■ Task statement ■
Retype only the lines from the top of the records to the line with "Uno puede leer", including that line but none of the pictures.

■ Data ■
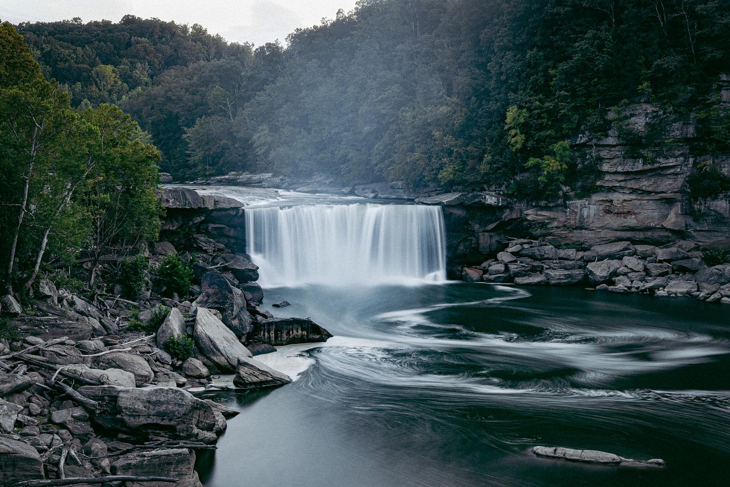 A long exposure of Cumberland Falls. Taken after the sun sank below the mountainous horizon, and the sightseers had taken their leave.
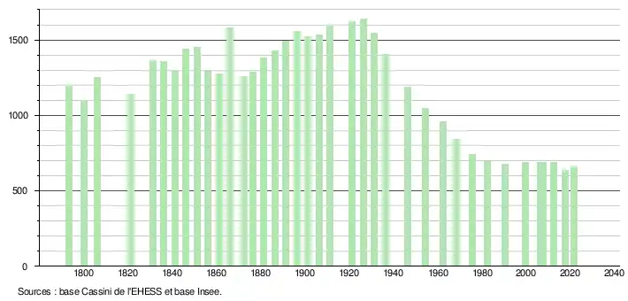 L'évolution du nombre d'habitants est connue à travers les recensements de la population effectués dans la commune depuis 1793. Pour les communes de moins de 10 000 habitants, une enquête de recensement portant sur toute la population est réalisée tous les cinq ans, les populations légales des années intermédiaires étant quant à elles estimées par interpolation ou extrapolation[41]. Pour la commune, le premier recensement exhaustif entrant dans le cadre du nouveau dispositif a été réalisé en 2007[42].
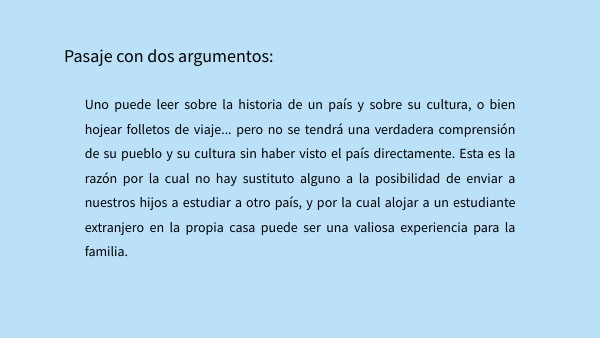 Uno puede leer sobre la historia de un país y sobre su cultura, o bien hojear folletos de viaje... pero 1 [no se tendrá una verdadera comprensión de su pueblo y su cultura sin haber visto el país directamente]. Esta es la razón por la cual 2 [no hay sustituto alguno a la posibilidad de enviar a nuestros hijos a estudiar a otro país], y por la cual 3 [alojar a un estudiante extranjero en la propia casa puede ser una valiosa experiencia para la familia].
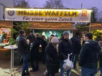 Einer langjährigen Tradition folgend, verkauften Mitglieder des Malchiner Rotary Clubs an allen 3 Adventswochenenden auf dem Weihnachtsmarkt am Schloss Bredenfelde, frisch gebackene Waffeln und heiße Getränke. Erstmalig wurden wir am ersten Adventswochenende von dem Bürgermeister der Stadt Malchin, Herrn Axel Müller, und weiteren 3 Mitarbeitern des Malchiner Rathauses tatkräftig unterstützt. Am zweiten Adventswochenende standen uns Mitarbeiter der Malchiner Tafel hilfreich zur Seite. Großen Anklang fand wiederum die beliebte Schinkenlotterie, bei der an jedem Tag als Hauptpreis 1 Burgunderschinken einen glücklichen Besitzer fand. Die Malchiner Rotarier bedanken sich bei allen Gästen, die mit dem Erwerb der Waffeln oder der Lose zu dem Ergebnis von 1.500 Euro beitrugen.
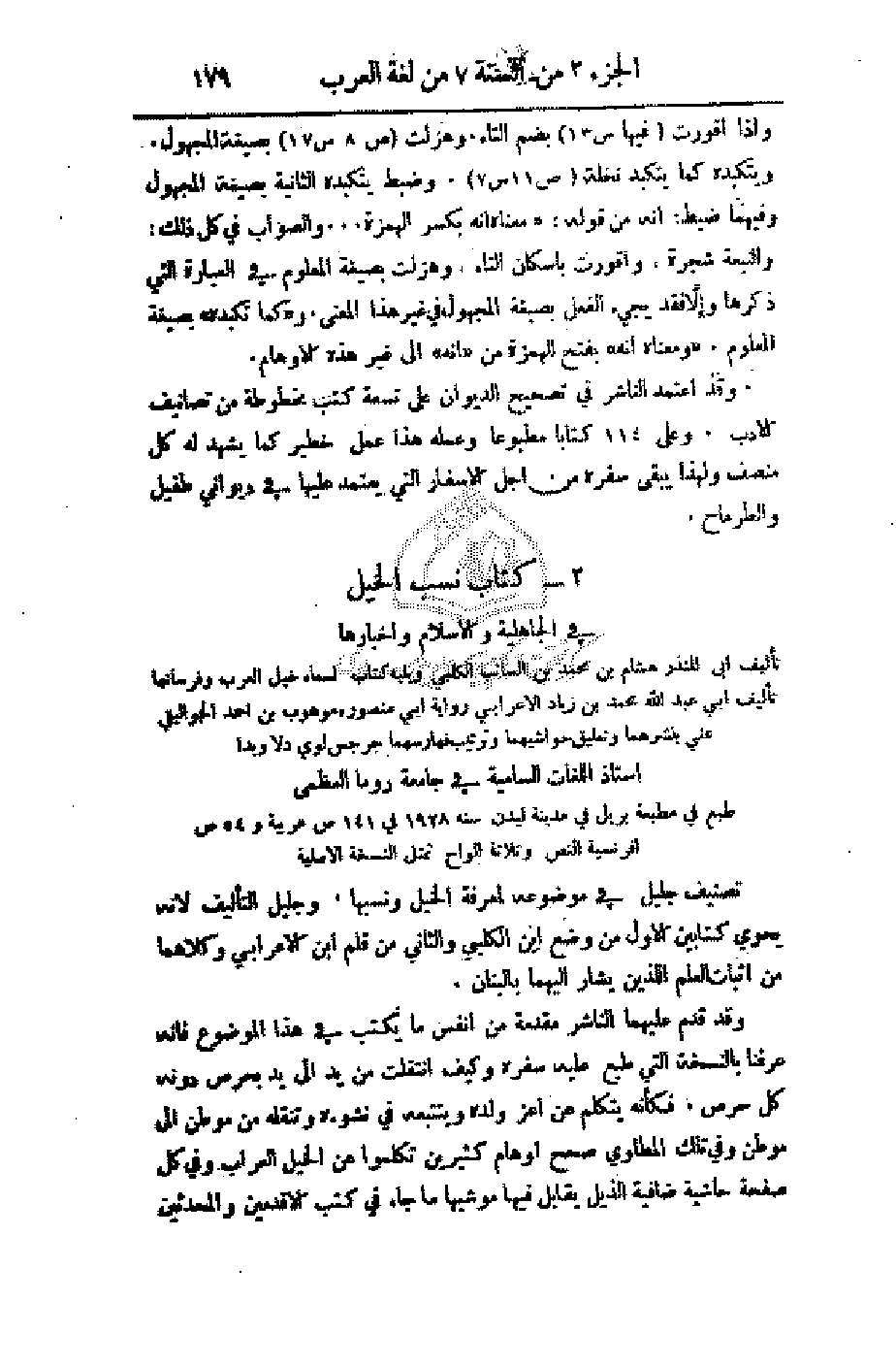 وقد قدم عليهما الناشر مقدمة من انفس ما يكتب في هذا الموضوع فأنه عرفنا بالنسخة التي طبع عليه سفره وكيف انتقلت من يد إلى يد بحرص دونه كل حرص. فكأنه يتكلم عن أعز ولده ويتتبعه في نشوءه وتنقله من موطن إلى موطن وفي تلك المطاوي صحح أوهام كثيرين تكلموا عن الخيل العراب وفي كل صفحة حاشية ضافية الذيل يقابل فيها موشيها ما جاء في كتب الأقدمين والمحدثين

■ Worked solution ■
 A long exposure of Cumberland Falls. Taken after the sun sank below the mountainous horizon, and the sightseers had taken their leave.
 L'évolution du nombre d'habitants est connue à travers les recensements de la population effectués dans la commune depuis 1793. Pour les communes de moins de 10 000 habitants, une enquête de recensement portant sur toute la population est réalisée tous les cinq ans, les populations légales des années intermédiaires étant quant à elles estimées par interpolation ou extrapolation[41]. Pour la commune, le premier recensement exhaustif entrant dans le cadre du nouveau dispositif a été réalisé en 2007[42].
 Uno puede leer sobre la historia de un país y sobre su cultura, o bien hojear folletos de viaje... pero 1 [no se tendrá una verdadera comprensión de su pueblo y su cultura sin haber visto el país directamente]. Esta es la razón por la cual 2 [no hay sustituto alguno a la posibilidad de enviar a nuestros hijos a estudiar a otro país], y por la cual 3 [alojar a un estudiante extranjero en la propia casa puede ser una valiosa experiencia para la familia].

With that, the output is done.